Pasta e fagioli.
Pasta e fagioli: (Pasta and beans):
This recipe - classic comfort cooking, soothing winter cooking, what Italian friends describe as "classic peasant food" is deceptively simple, yet utterly delicious.
I started with the classic soffritto: Very finely diced carrot, celery, and onion, - sautéed in olive oil until soft (something that always takes a lot longer than you think), and then added four fat cloves of finely sliced garlic to the (large, copper) sauté pan.
Next to be added was some finely diced guanciale - pig cheek, which - to my mind - is even better - far better - than pancetta, and fulfills a similar function in Italian cuisine; the rendered fat adds a most wonderful flavour to the finished dish.

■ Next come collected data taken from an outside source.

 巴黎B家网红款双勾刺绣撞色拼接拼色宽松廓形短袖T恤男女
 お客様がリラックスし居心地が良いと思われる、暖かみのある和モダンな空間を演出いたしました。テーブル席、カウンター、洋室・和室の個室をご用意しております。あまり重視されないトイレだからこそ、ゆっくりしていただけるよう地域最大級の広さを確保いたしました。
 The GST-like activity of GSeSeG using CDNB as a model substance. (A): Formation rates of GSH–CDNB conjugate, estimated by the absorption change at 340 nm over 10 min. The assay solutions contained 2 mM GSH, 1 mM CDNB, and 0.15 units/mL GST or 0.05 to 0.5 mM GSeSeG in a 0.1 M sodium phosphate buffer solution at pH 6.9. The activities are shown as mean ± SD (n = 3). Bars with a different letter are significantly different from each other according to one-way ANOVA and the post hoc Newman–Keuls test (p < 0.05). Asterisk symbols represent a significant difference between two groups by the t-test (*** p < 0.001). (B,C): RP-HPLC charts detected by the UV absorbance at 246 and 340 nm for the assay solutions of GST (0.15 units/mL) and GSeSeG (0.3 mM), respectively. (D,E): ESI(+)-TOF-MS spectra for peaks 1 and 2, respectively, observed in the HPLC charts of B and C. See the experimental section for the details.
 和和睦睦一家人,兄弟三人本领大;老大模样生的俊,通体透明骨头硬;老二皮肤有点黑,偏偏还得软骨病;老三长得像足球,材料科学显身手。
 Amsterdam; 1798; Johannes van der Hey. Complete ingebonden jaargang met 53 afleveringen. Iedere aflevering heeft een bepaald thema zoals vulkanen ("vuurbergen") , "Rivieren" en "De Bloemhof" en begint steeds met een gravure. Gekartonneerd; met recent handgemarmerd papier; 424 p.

Once they were soft and translucent and tasty - I added the contents of half of a jar of excellent quality (Spanish, because that was what I had to hand) cannellini beans to the sauté pan. In this instance, a jar was better than a tin, as the jar containing the rest of the beans could be kept in the fridge.
Meanwhile, in another saucepan, water - actually, stock, to which I added some olive oil - was set to boil, at which point fettuccine was added.

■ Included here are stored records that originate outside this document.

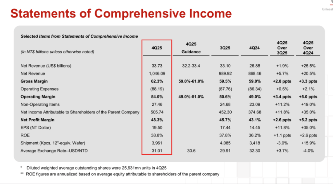 2025年Q4☆•…,台积电营收336.7亿美元(10460.9亿新台币),同比增长25.5%,环比增长5◁◆.7%★◆○。净利润5057.4亿新台币,同比暴增35%,这是台积电连续第八个季度实现利润同比增长••。净利率达48.3%,毛利率62.3%△■。
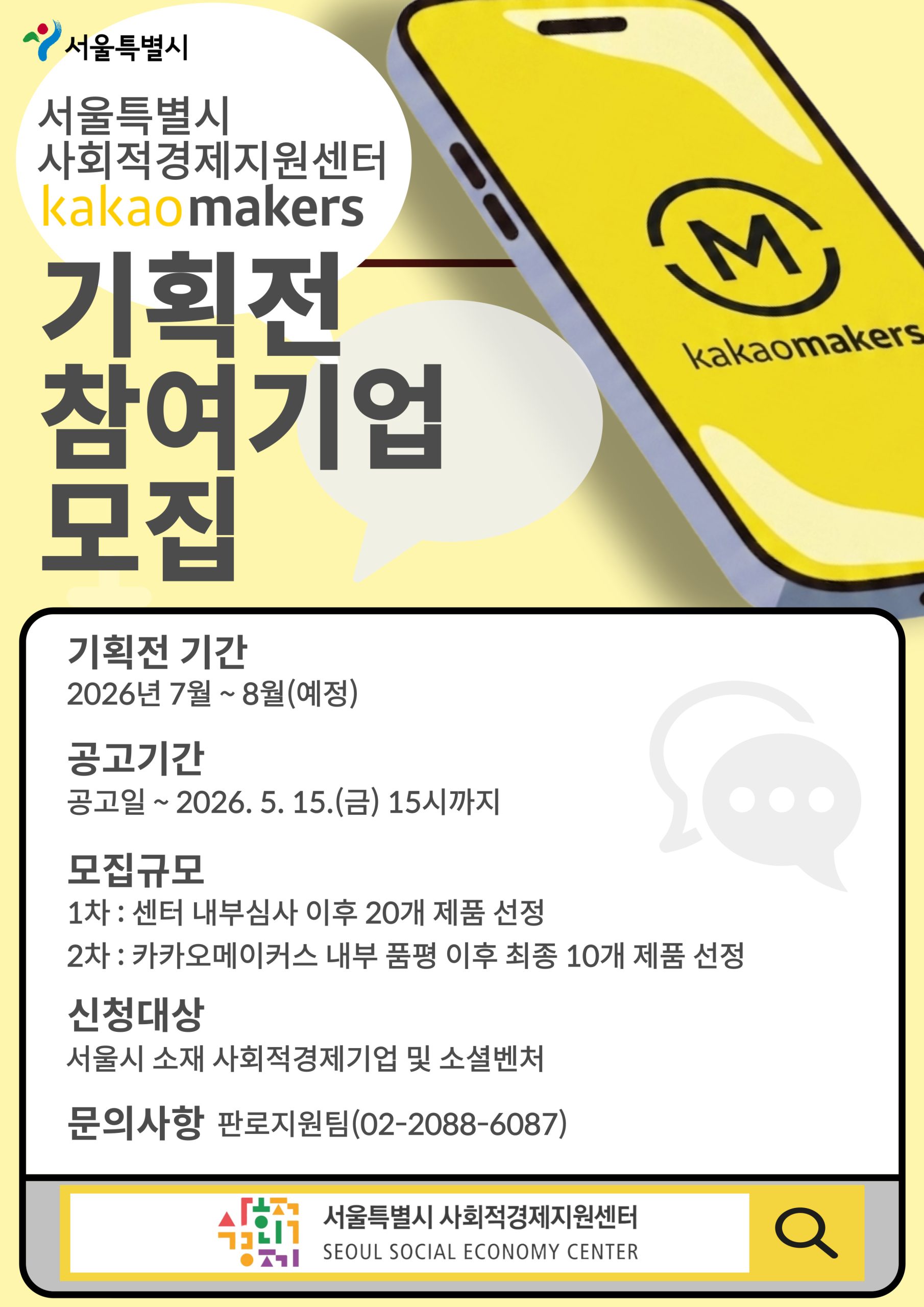 | [안내][공고] 2026년 서울특별시 사회적경제기업 x 카카오 메이커스 기획전 참여기업 모집 | ||
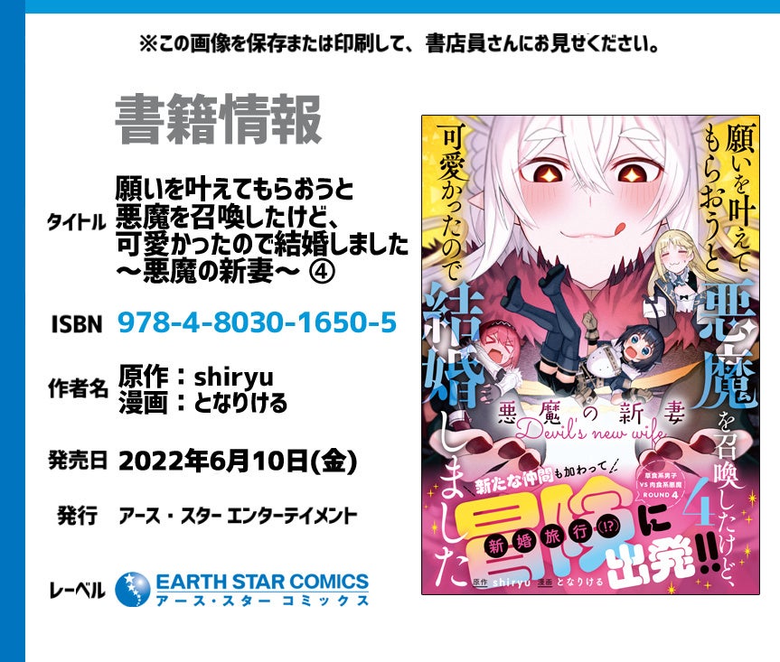 現在コミック アース・スターで掲載している人気作品『願いを叶えてもらおうと悪魔を召喚したけど、可愛かったので結婚しました〜悪魔の新妻〜』コミックス第4巻を6月10日(金)に発売いたします。

A generous half cup (that is, a Le Creuset mug, not the formal American measurement) of pasta cooking water - nice and starchy - was reserved, and added to the sauté pan, where it met with, mingled with, (a stir with a wooden spoon aided this process), merged with and married the other ingredients already in the pan, and they were brought to a smart simmer for a few minutes.
The pasta was drained and then, the rather tasty sauce added, whereupon dinner was served, with napkins, tablecloths, proper glassware, and so on.